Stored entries
Segment Open

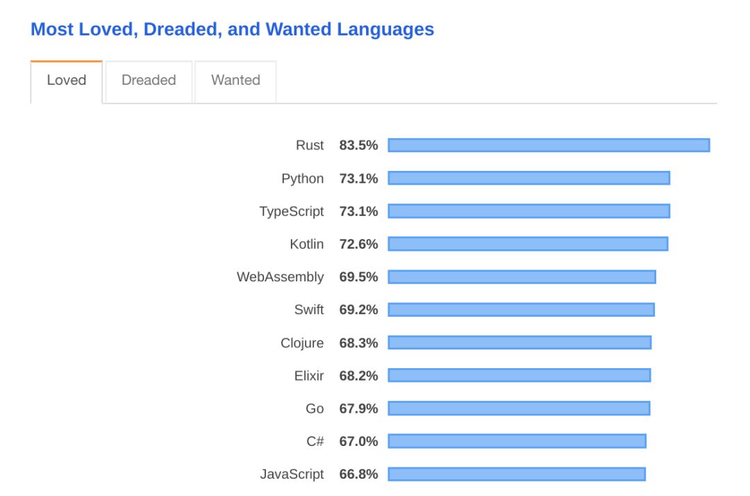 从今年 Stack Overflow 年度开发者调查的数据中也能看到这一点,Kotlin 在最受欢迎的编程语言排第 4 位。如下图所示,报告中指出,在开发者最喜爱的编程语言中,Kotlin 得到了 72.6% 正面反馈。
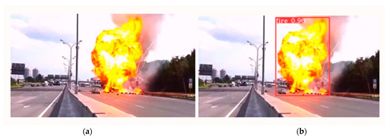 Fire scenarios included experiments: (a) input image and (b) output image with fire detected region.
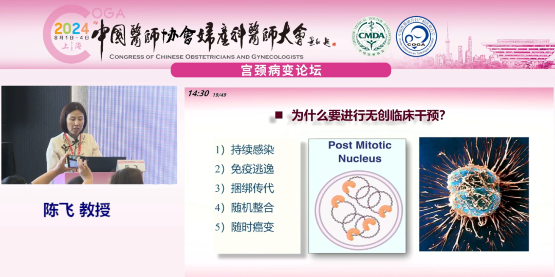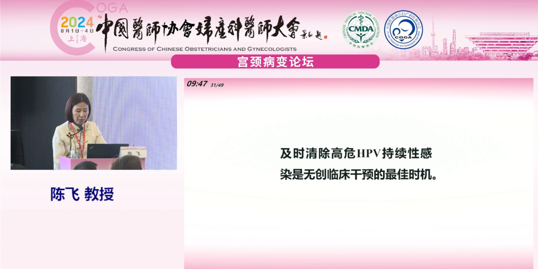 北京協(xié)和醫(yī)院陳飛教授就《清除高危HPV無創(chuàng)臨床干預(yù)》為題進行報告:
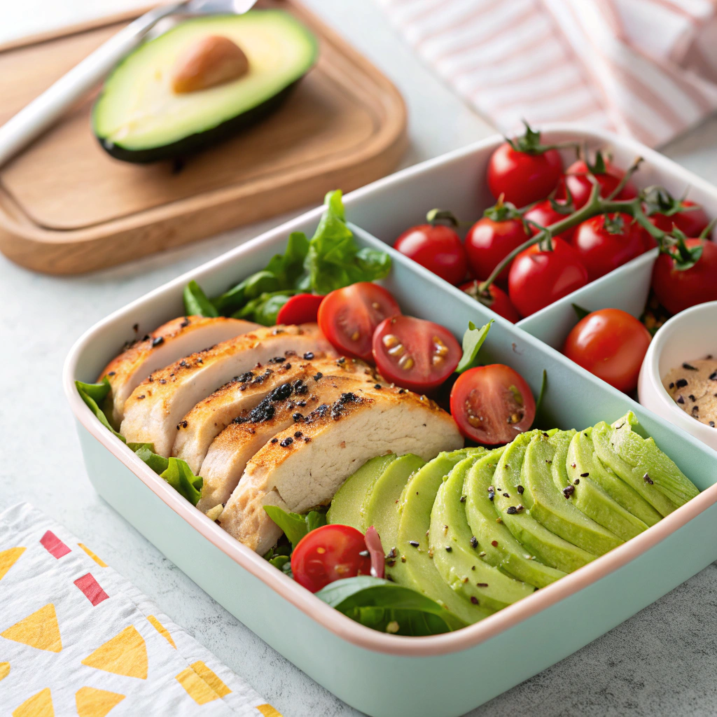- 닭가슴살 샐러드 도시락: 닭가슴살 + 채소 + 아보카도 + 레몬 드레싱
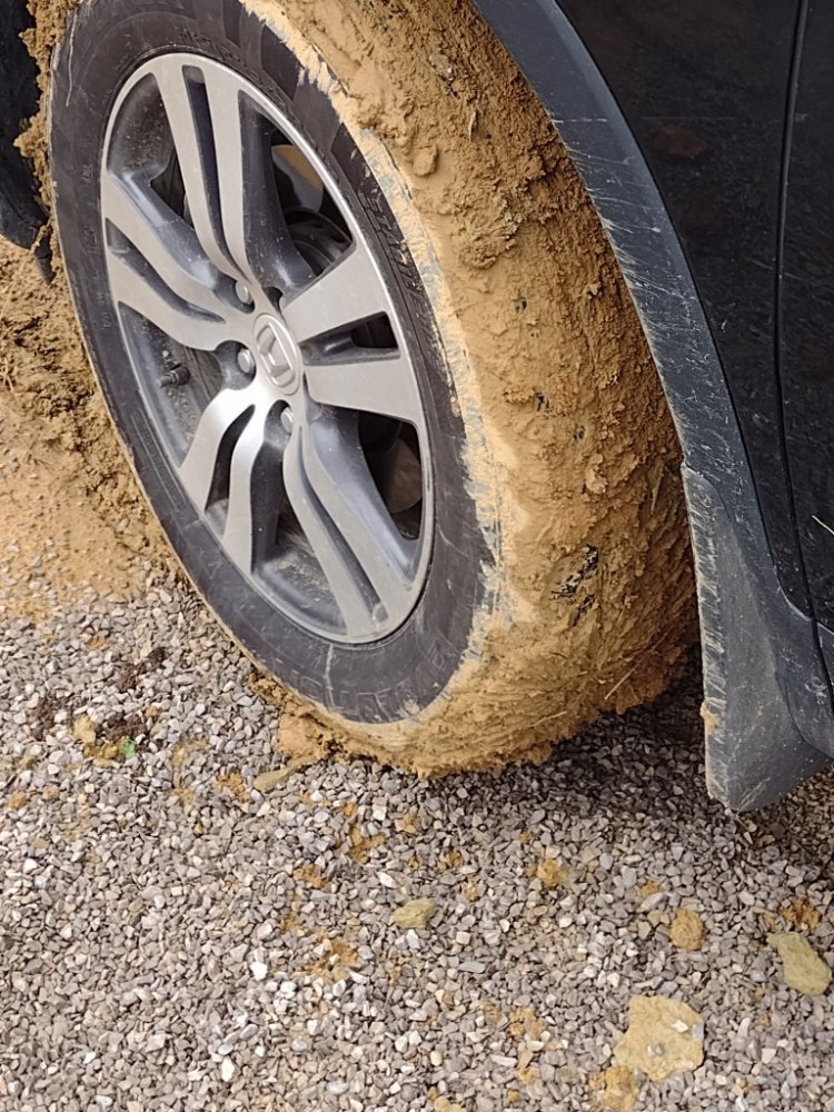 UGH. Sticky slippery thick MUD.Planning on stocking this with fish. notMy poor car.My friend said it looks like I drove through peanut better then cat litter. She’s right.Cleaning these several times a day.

Segment Closed

**EXERCISE AIM**
An exact copy of the data above is required, printed without its pictures.

**EXERCISE OUTPUT**
 从今年 Stack Overflow 年度开发者调查的数据中也能看到这一点,Kotlin 在最受欢迎的编程语言排第 4 位。如下图所示,报告中指出,在开发者最喜爱的编程语言中,Kotlin 得到了 72.6% 正面反馈。
 Fire scenarios included experiments: (a) input image and (b) output image with fire detected region.
 北京協(xié)和醫(yī)院陳飛教授就《清除高危HPV無創(chuàng)臨床干預(yù)》為題進行報告:
- 닭가슴살 샐러드 도시락: 닭가슴살 + 채소 + 아보카도 + 레몬 드레싱
 UGH. Sticky slippery thick MUD.Planning on stocking this with fish. notMy poor car.My friend said it looks like I drove through peanut better then cat litter. She’s right.Cleaning these several times a day.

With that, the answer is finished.